DATA EXCERPTS:
=== Section Start ===

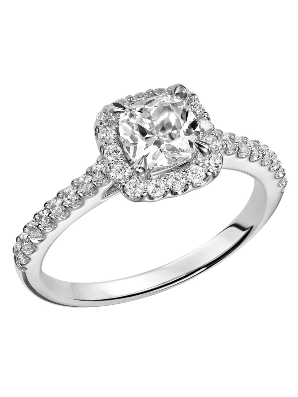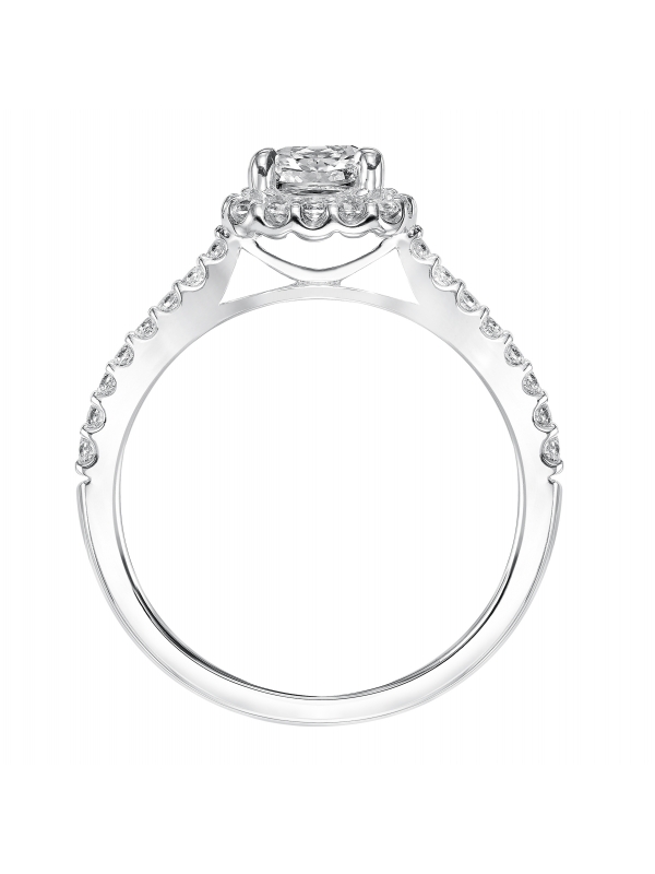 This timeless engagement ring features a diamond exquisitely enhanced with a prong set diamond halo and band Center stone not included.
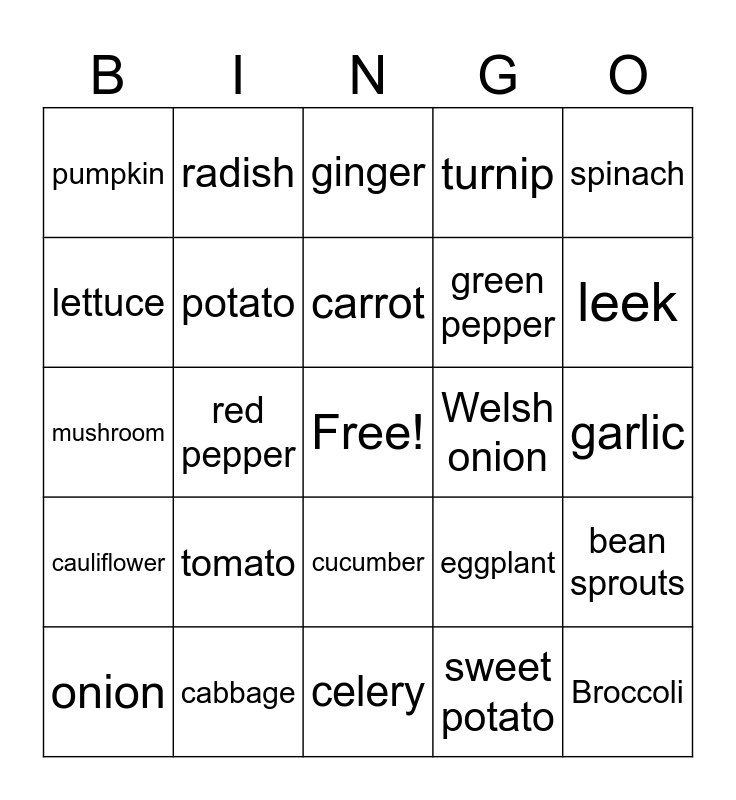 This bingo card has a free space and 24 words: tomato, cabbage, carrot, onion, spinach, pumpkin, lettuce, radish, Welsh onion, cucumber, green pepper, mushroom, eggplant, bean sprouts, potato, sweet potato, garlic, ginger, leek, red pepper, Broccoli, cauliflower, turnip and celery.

=== Section End ===
=== Section Start ===

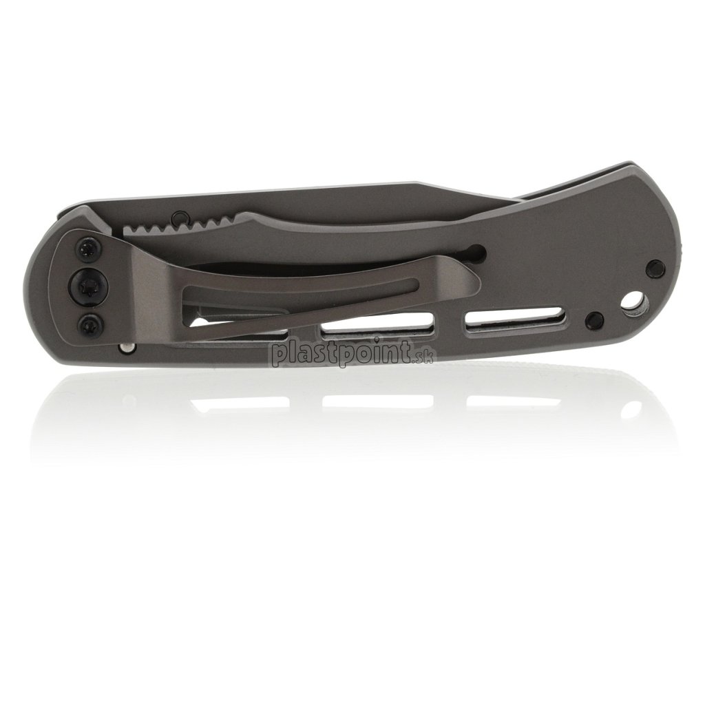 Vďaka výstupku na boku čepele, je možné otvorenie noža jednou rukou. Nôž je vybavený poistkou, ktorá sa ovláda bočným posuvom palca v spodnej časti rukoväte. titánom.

=== Section End ===

EXERCISE PROMPT: Leave the pictures out, and transcribe exactly the lines above starting at the one that contains "This timeless engagement" and ending at the one that contains "This bingo card".

RESULT OF THIS EXERCISE:
 This timeless engagement ring features a diamond exquisitely enhanced with a prong set diamond halo and band Center stone not included.
 This bingo card has a free space and 24 words: tomato, cabbage, carrot, onion, spinach, pumpkin, lettuce, radish, Welsh onion, cucumber, green pepper, mushroom, eggplant, bean sprouts, potato, sweet potato, garlic, ginger, leek, red pepper, Broccoli, cauliflower, turnip and celery.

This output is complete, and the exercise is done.